WHAT YOU HAVE TO DO =>
Make an exact copy of the records, leaving out the images.

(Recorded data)
Start of Block

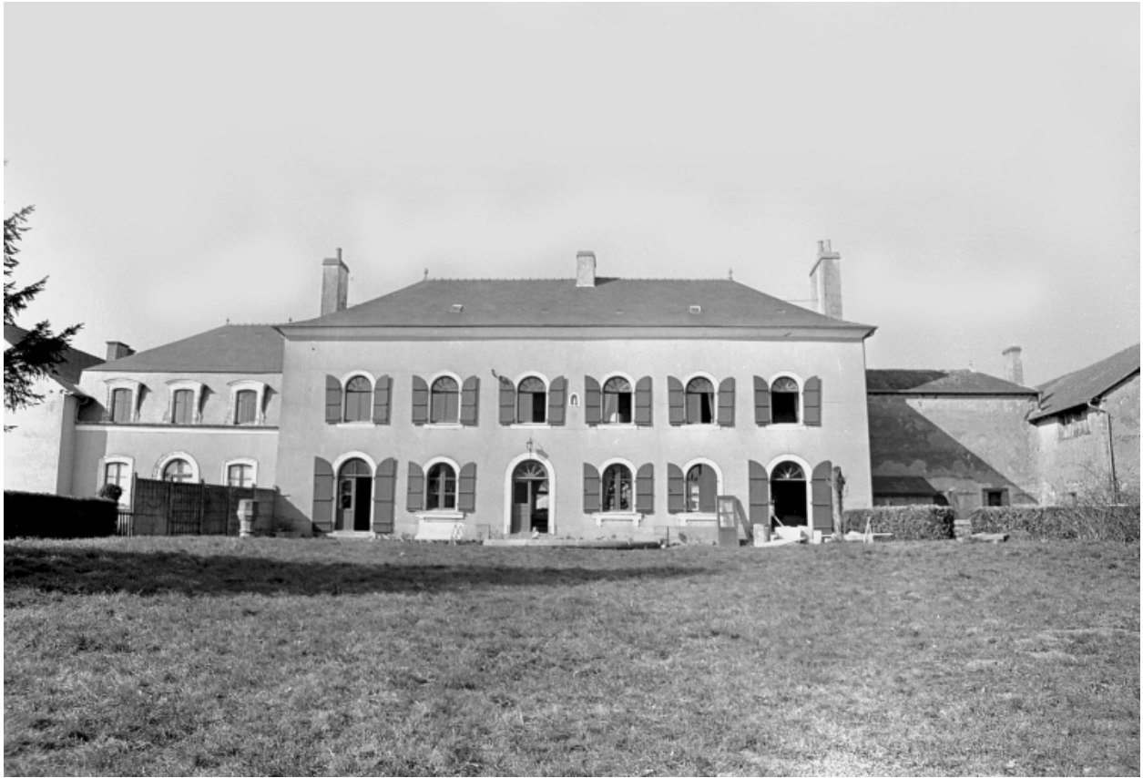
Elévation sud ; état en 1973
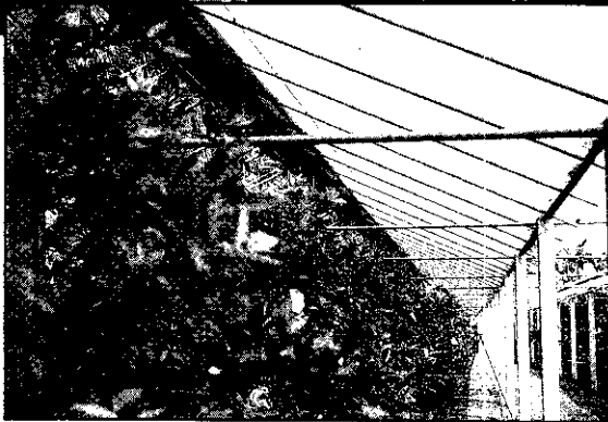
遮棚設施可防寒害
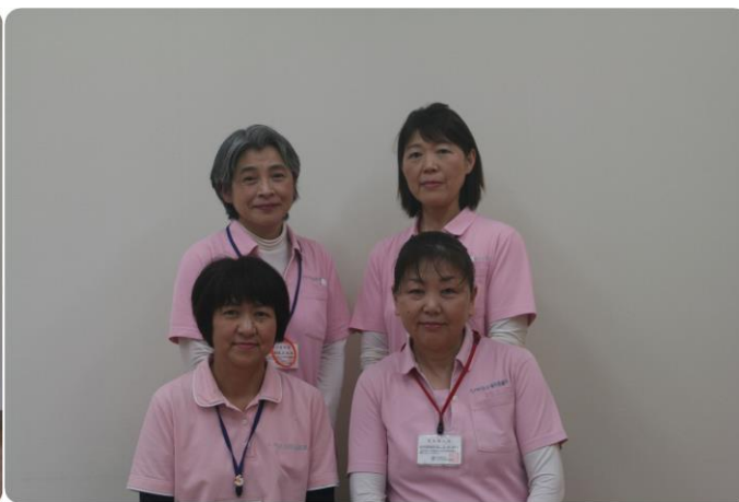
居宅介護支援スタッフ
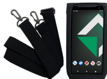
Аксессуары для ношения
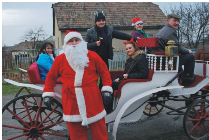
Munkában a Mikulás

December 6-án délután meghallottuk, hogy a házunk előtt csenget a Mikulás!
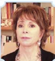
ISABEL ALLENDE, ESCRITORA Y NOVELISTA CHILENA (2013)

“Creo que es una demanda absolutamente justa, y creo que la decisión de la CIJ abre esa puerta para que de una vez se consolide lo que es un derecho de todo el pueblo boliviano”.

End of Block

SOLUTION BELOW =>
Elévation sud ; état en 1973
遮棚設施可防寒害
居宅介護支援スタッフ
Аксессуары для ношения
Munkában a Mikulás

December 6-án délután meghallottuk, hogy a házunk előtt csenget a Mikulás!
ISABEL ALLENDE, ESCRITORA Y NOVELISTA CHILENA (2013)

“Creo que es una demanda absolutamente justa, y creo que la decisión de la CIJ abre esa puerta para que de una vez se consolide lo que es un derecho de todo el pueblo boliviano”.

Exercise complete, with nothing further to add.